CTMacUser
(Daryle Walker)
1
Continuing the discussion from An always-sorted set:
I just updated the gist to Revision 2, which updates the "BinarySearch.swift" file. I did a rough search on this forum and found:
The sequence/collection types were different back then, but I hope my interpretation works nowadays.
Instead of returning false or nil if a binary search fails, I return where that element value should go if you want to insert it into the collection (if its type included RangeReplaceableCollection). I now realize that this is like the C++ std::upper_bound function. From the old posts, I created a partitionIndex(by:) function that generalizes the binary search. It uses the same kind of predicate as MutableCollection.partition(by:). It is used by firstIndexOfSorted(exceeding: by:), and both are moved from RandomAccessCollection to Collection, where the computation costs becomes O(n) except for random-access, where it's O(log n), where n is the collection length.

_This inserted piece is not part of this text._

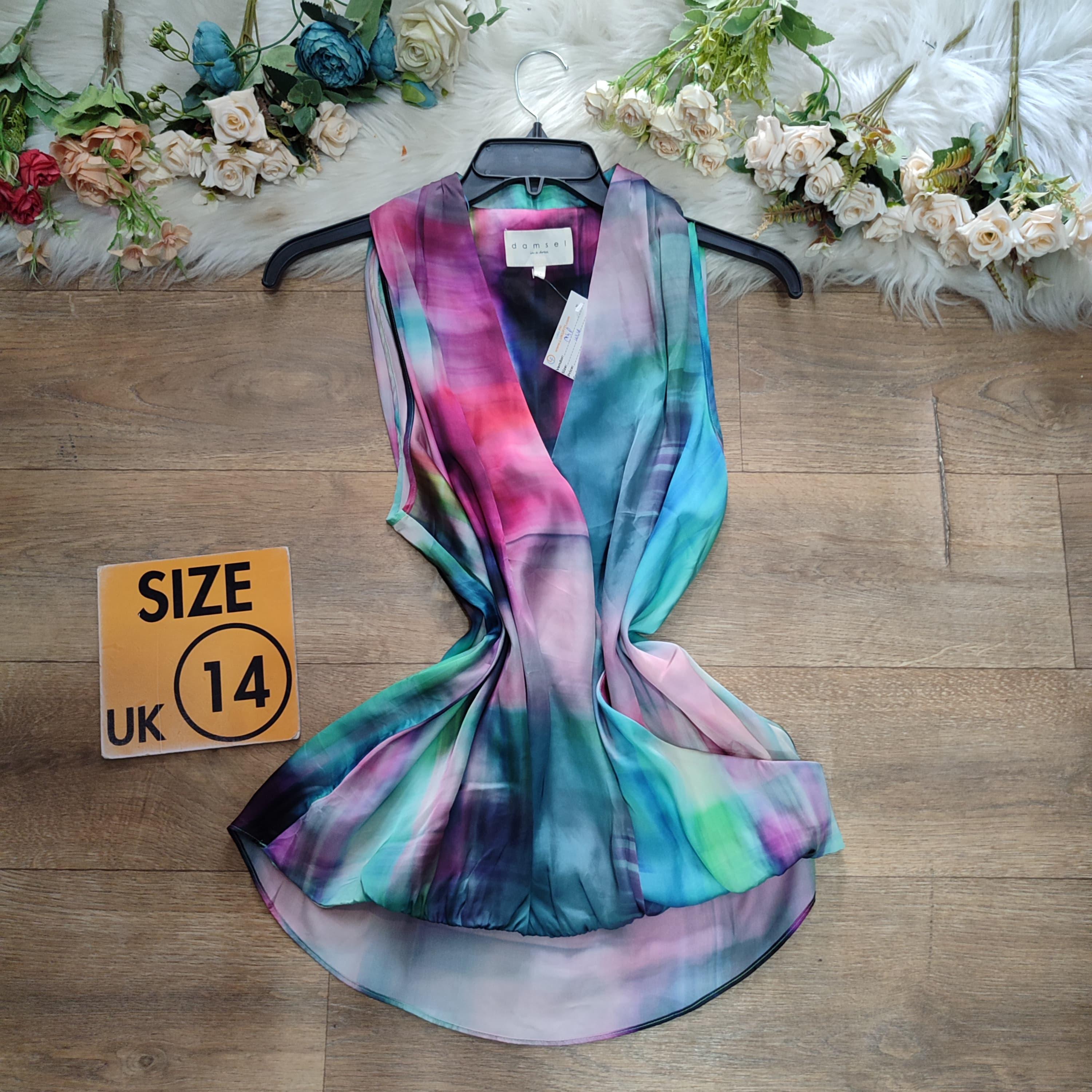 multicoloured sleeveless, size 14, carefully thrifted and well vetted,
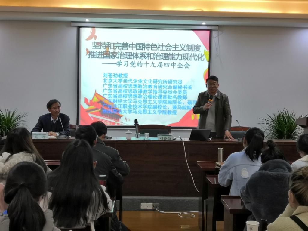 12月12日,广东财经大学马克思主义学院原院长刘苍劲教授来BEAT365马克思学院讲学,作题为“坚持和完善中国特色社会主义制度 推进国家治理体系和治理能力现代化——学习党的十九届四中全会”的学术报告。报告会由学院院长高君教授主持。

When the collection elements are Comparable, a firstIndexOfSorted(exceeding:) method is added for the common case that < is the predicate.
Reading about the C++ std::equal_range function, I made an equivalent indicesOfSorted(for: by:) method that returns a Range<Index>. An analogue of the C++ std::binary_search can be done by checking if the range returned is not empty, while an analogue of std::lower_bound and alternate for std::upper_bound can be calculated by checking a bound of the returned range. There is a Comparable optimization in indicesOfSorted(for:).
Right before writing those, I realized we could make a method that searches for a zone of element values. It's still the dual partition check, but the partition bounds now differ. It's the indicesOfSorted(over:) method.